Sigo en Canal Sur una animadísima tertulia sobre los divorcios después del confinamiento, que se han disparado por lo visto, aunque casi todos los oyentes que llaman a contar su experiencia hablan de la felicidad de su intimidad conyugal en esos meses. Un efervescente contertulio de cuyo nombre no llego a enterarme afirma que hoy ya sabemos dos cosas a ciencia cierta: «Que el matrimonio es temporal y que el divorcio es para toda la vida».

Imagino a Chesterton, con sus 130 kilos de peso, tirándose de cabeza con doble tirabuzón, para darle la vuelta como a un calcetín a esa paradoja. Si vamos a ser frívolos, vale, pero todos. ¿O es que acaso nos va a pasar con la frivolidad como con la tolerancia, que sólo va en un sentido, y que en el otro es anatema y gran escándalo? Porque, según este señor, hemos cambiado una indisolubilidad por otra y me temo que tiene razón; pero se nos permitirá apostillar que una, al menos, lo era de una unión, y la indisolubilidad de ahora es la de una ruptura.

Lo serio de la broma es lo que explica el experto. En efecto, dice, si el divorcio es con hijos, es para siempre, porque hay que hacer un esfuerzo por llevarse bien, por comprenderse y apoyarse, por repartir las cargas y el régimen de visitas y poner a punto la comunicación de la ex pareja. Chesterton en el aire de mi imaginación se revuelve: «¿Y si ese esfuerzo tan loable y civilizado… lo hiceran antes?» Porque el señor que habla es jocoso pero sincero y reconoce que el divorcio sale por un ojo de sendas caras y que las neo-economías se resienten.

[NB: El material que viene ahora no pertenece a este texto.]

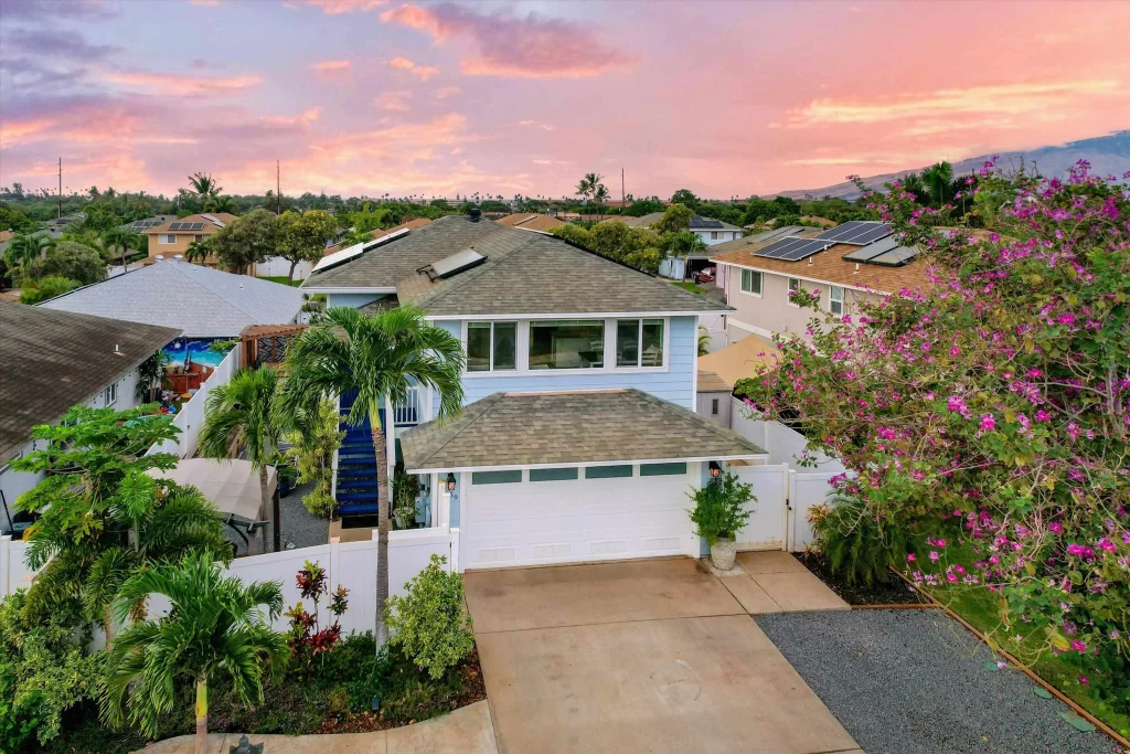 Your Beautiful Maui home awaits. Complete luxury remodeled home in 2023 nearly everything has been done for you new kitchen, appliances, bathrooms and flooring. Windows replaced in 2022 as well as central ac. The seller has spared no expense including the redesign of the landscaping for you to enjoy. This is one of those special properties that will move quickly. Its versatility is highlighted by a ground-level room that could serve as an ideal mother-in-law suite, featuring sliding doors that open to the lanai. Comfort and efficiency are paramount, with the inclusion of owned photo voltaic panels and solar hot water systems. Equally enchanting is the outdoor space, with picturesque landscaping, a workshop and a shed for extra storage. With breathtaking mountain views of Haleakala gracing the front, and captivating views of the West Maui Mountains adorning the back, this single-family dwelling offers a slice of paradise. Boasting five bedrooms and three full baths, this residence comes complete with a lanai and outdoor spa, inviting you to embrace the tranquility of island living. This community also boasts the convenience of being within minutes of some of Maui's most pristine beaches and amenities.

Lejos de mí hacer demagogia, ni siquiera por frivolidad mimética y en defensa de la institución, porque hay muchos casos y muy diversos y quien los lleva o sobrelleva los entiende. Me encandila la muy pícara observación de Søren Kierkegaard de que un hombre y una mujer, incluso llevándose de pena, si estuviesen los dos solos en una isla desierta, terminarían por entenderse; pero no soy tan ingenuo como para pensar que todos los problemas matrimoniales se pueden arreglar con un cambio de acento o con asumir la isla tropical de la indisolubilidad kierkegaardiana. En cualquier caso, computando el sufrimiento probable de los hijos, el quebranto económico y los propios corazones rotos, quizá no nos hacían ningún daño las bromas efervescentes, pero a favor de las tiernas reconciliaciones, las segundas oportunidades y la felicidad inoxidable.